James McAvoy ('Atonement') plays Frederick Aiken, a Union soldier who returns from the Civil War as a hero and hopes to take his place next to Senator Reverdy Johnson (Tom Wilkinson) as a successful attorney. For his first case, however, Johnson saddles him with one that tests his personal convictions as well as his professional mettle: defend Mary Surratt (Robin Wright), the mother of a young man named John (Johnny Simmons) who supposedly conspired with John Wilkes Booth (Toby Kebbell) to kill Abraham Lincoln.

Unconvinced himself of Mary's innocence, Frederick initially mounts a reluctant campaign to keep her from being sentenced to death. But after it becomes clear that prosecutor Joseph Holt (Danny Huston) and U.S. secretary of war Edwin Stanton (Kevin Kline) have engineered an inevitable 'guilty' verdict regardless of the facts, Frederick puts his career and his relationships on the line to free Mary, as well as to protect the ideals for which he previously literally fought on the battlefield.

There are few things as tedious as a movie that knows it's telling an important story, and 'The Conspirator' is so weighted from the outset with both literal and metaphorical significance that viewers are sort of helpless to let it plod forward, with or without their emotional investment. Only a few minutes after the film begins, Lincoln is assassinated, and shortly thereafter the dialogue begins to indulge in discussions that quite obviously parallel contemporary events about recrimination, justice, and soothing the Nation's outrage. In one scene, Wilkinson's character chronicles all of the examples in the local newspaper of fearmongering, while Aiken is himself convinced of Mary's guilt, and elects to defend her only in the name of protecting civil liberties.
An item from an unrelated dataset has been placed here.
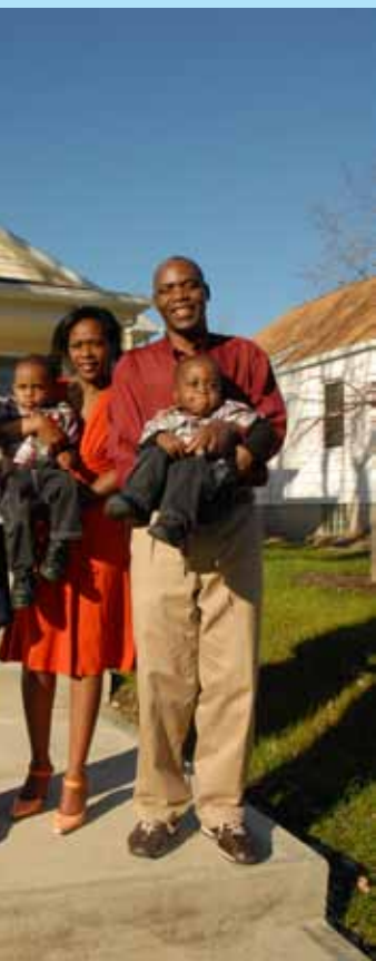
Development's HomeOwnership more than 180 families home.

Development partners ns of organizations hose in need. with others is he most efficient eate cost-effective olutions.

Essentially, the film Redford's most resembles is Jonathan Demme's criminally-overrated 'Philadelphia,' which is also a message movie that supposedly protects itself from cheap sentimentality and lesson-learning by adhering to the letter of the law. In Demme's movie, Denzel Washington's character never particularly comes around to accept homosexuality, but he uses rhetoric and legal precedent in order to protect his client. Here, Aiken is never fully convinced of Mary's innocence, but he becomes so outraged at the conspiratorial efforts of his opponents that he becomes determined to win, if only on principle. The only advantage 'The Conspirator' has over its predecessor is that it doesn't include a scene where Mary Surratt offers an impassioned, "unrelated" (read: metaphorical) demonstration of her innate goodness, but Robin Wright plays her throughout with such stiff-lipped nobility that it scarcely needs one.

Ultimately, even as a prescient retelling of a crucial moment in our country's history, Redford's latest feels like a time-traveling episode of 'Law & Order' at best. Shot by Newton Thomas Sigel, who follows in a long line of accomplished cinematographers who worked with the director to create luxurious, saturated imagery, the film is like a velvet glove without the iron fist – a suggestion of importance that communicates no intensity but what exists automatically in the subject matter, and conveys no urgency but the inevitability of a foregone conclusion.

The really unfortunate thing is that Redford's philosophical commitment to telling stories that need to be told is genuinely palpable; you can tell that the film is meant to shed light, start a dialogue, or make people think a little more deeply. And if these sorts of films didn't feel like a dime a dozen, this one might actually have some real significance. But because all of the thinking is already done for the audience in 'The Conspirator,' there's very little reason to care, and the end result feels like an elegant reenactment – at best – rather than an incisive look at the times we live in, reflected in those we already lived through.